Refer to [Connector testing](/reference/search-connectors/self-managed-connectors.md#es-build-connector-testing) for more details.
To perform E2E testing for the Notion connector, run the following command:
```shell
$ make ftest NAME=notion
```
For faster tests, add the `DATA_SIZE=small` flag:
```shell
make ftest NAME=notion DATA_SIZE=small
```
By default, `DATA_SIZE=MEDIUM`.
### Known issues [es-connectors-notion-client-connector-known-issues]

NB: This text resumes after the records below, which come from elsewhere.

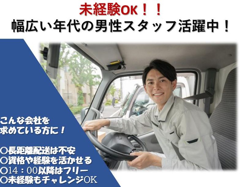 職種/仕事内容 | 仕事内容 自分の時間や家族との時間を 大切にしてもらうために 14時迄勤務&週休2日可! 長期休暇も有☆普通免許で始められます! 【仕事内容】 毎日同じルートを回ります! 1度道を覚えてしまえば後は スムーズに配送できます◎◎ ホテルへのリネン類のルート配送で、 荷物は軽貨物なので 2tトラックでの配送となります。 配送先は主に都内や埼玉県内で 長距離配送がないので安心です◎◎ 充実した研修制度があり、 初めは先輩が同乗して ルートを教えてくれるので 安心して覚えられます。 前職も営業や工場作業員など様々。 未経験スタートの先輩が活躍しています! |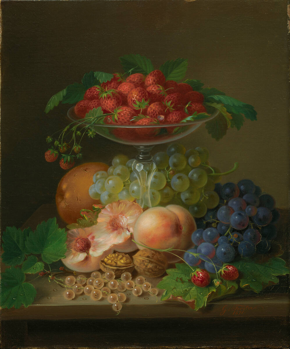 DescriptionLong-stemmed, shallow crystal dish illed with strawberries is surrounded by grapes, peaches, nuts, and an orange on a dark table against a brown backgound.Published References“Pictures at an Exhibition,” Independent (Kansas City, Mo.),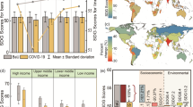 Additionally, UMICs have faced “major challenges” in progressing towards SDGs 9, 15, 16, and 17. Among them, SDGs 9 and 16 experienced setbacks due to COVID-19 impacts, while SDGs 15 and 17 were hampered by pre-COVID-19 development gaps. Therefore, UMICs need more targeted options to address both existing concerns and the effects of COVID-19 in association with different SDGs. For example, any unsustainable supply chain could be limited to reduce the loss of terrestrial biodiversity and deforestation in SDG 1535, and partnerships among government and private sectors in SDG 17 could be strengthened to broadly address the development of the SDGs38. For impacts of COVID-19, especially in regard to the increased authoritarianism in response to COVID-19, governance to strengthen rather than reduce freedom of expression and enhance the transparency of governmental responses to the pandemic are important in continuing to advance SDG 16. In addition, inequalities in UMICs can be affected primarily by unequal economic growth45, which became even more notable during the pandemic as a result of substantial income loss in disadvantaged groups. Moreover, disparity in the possibility of education leads to disadvantaged groups having fewer options, not only to find income sources45 but also to endure the impacts and, more importantly, recover from the impacts of the pandemic. Therefore, policies designed to reduce inequality in social security in terms of both income and education can be very important to moderate COVID-19 impacts on UMICs.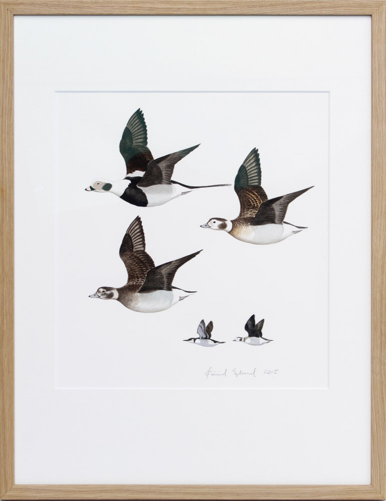 Havsule, gråmåke og joer – Original akvarell av Øivind Egeland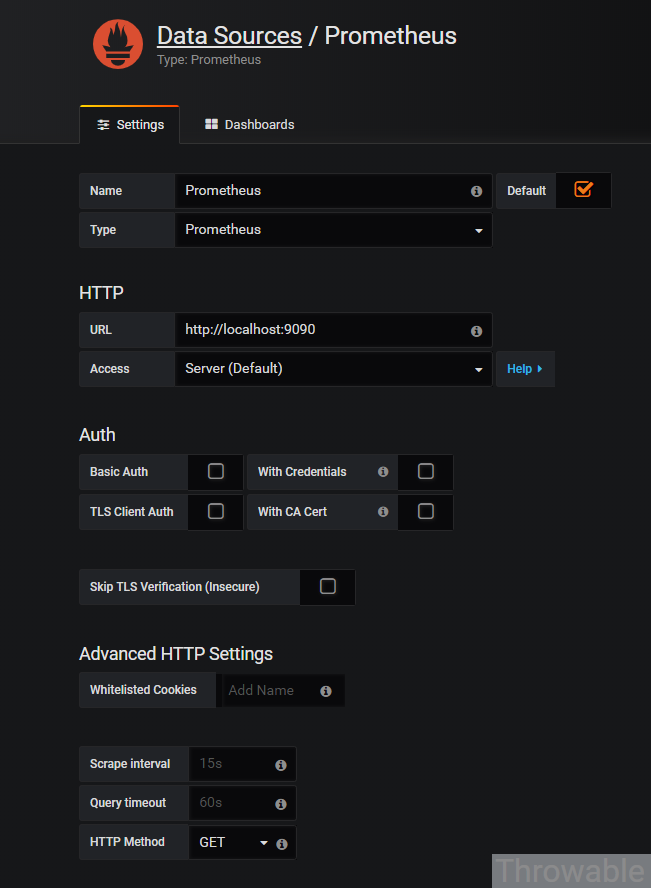 安装完成后,通过命令service grafana-server start启动即可,默认的启动端口为3000,通过ttp://${host}:3000即可。初始的账号密码都为admin,权限是管理员权限。接着需要在Home面板添加一个数据源,目的是对接Prometheus服务端从而可以拉取它里面的度量数据。数据源添加面板如下:

* **Updates to new pages may not be reflected immediately in the Notion API.**
This could lead to these pages not being indexed by the connector, if a sync is initiated immediately after their addition. To ensure all pages are indexed, initiate syncs a few minutes after adding pages to Notion.
* **Notions Public API does not support linked databases.**
Linked databases in Notion are copies of a database that can be filtered, sorted, and viewed differently. To fetch the information in a linked database, you need to target the original **source** database. For more details refer to the [Notion documentation](https://developers.notion.com/docs/working-with-databases#linked-databases).
* **Documents' `properties` objects are serialized as strings under `details`**.
Notions schema for `properties` is not consistent, and can lead to `document_parsing_exceptions` if indexed to Elasticsearch as an object. For this reason, the `properties` object is instead serialized as a JSON string, and stored under the `details` field. If you need to search a sub-object from `properties`, you may need to post-process the `details` field in an ingest pipeline to extract your desired subfield(s).
Refer to [Known issues](/release-notes/known-issues.md) for a list of known issues for all connectors.
### Troubleshooting [es-connectors-notion-client-connector-troubleshooting]
See [Troubleshooting](/reference/search-connectors/es-connectors-troubleshooting.md).
### Security [es-connectors-notion-client-connector-security]
See [Security](/reference/search-connectors/es-connectors-security.md).